Issuers or issues rated Aa1.br demonstrate very strong creditworthiness
relative to other domestic issuers. NSRs differ from global scale
ratings in that they are not globally comparable to the full universe
of Moody's rated entities, but only with other rated entities within
the same country.
The last rating action for CEMIG was on January 12, 2010 when Moody's
affirmed its Baa3 global scale and Aa1.br Brazil national scale
issuer ratings to Cemig Geração e Transmissão S.A
("CEMIG GT"). At the same time, Moody's assigned a Baa3 rating
on the global scale and Aa1.br rating on the Brazilian national
scale to BRL 2.7 billion local unsecured debentures issued by CEMIG
The principal methodology used in rating CEMIG was the Regulated Electric
and Gas Utilities Rating Methodology (August 2009).

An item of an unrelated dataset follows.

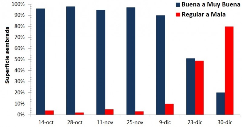 En la Figura 6 se muestra la evolución del cereal, donde a partir de los primeros días de diciembre la condición regular a mala comenzó a incrementarse pasando del 10 al 80 %.

Headquartered in Belo Horizonte, state of Minas Gerais, Companhia
Energética de Minas Gerais - CEMIG - is a public
holding company with interests in the generation, transmission and
distribution of electricity. The government of the state of Minas
Gerais holds 51% of its voting capital and 22% of its total
capital. CEMIG Geração e Transmissão S.A.
(CEMIG GT) and CEMIG Distribuição S.A. (CEMIG
D), are CEMIG's two main subsidiaries responsible for around 86%
of consolidated Net Sales and 80% of consolidated EBITDA.
In 2009, CEMIG D sold 22.2 TWh in the state of Minas Gerais
and is Brazil's third largest electricity distribution company.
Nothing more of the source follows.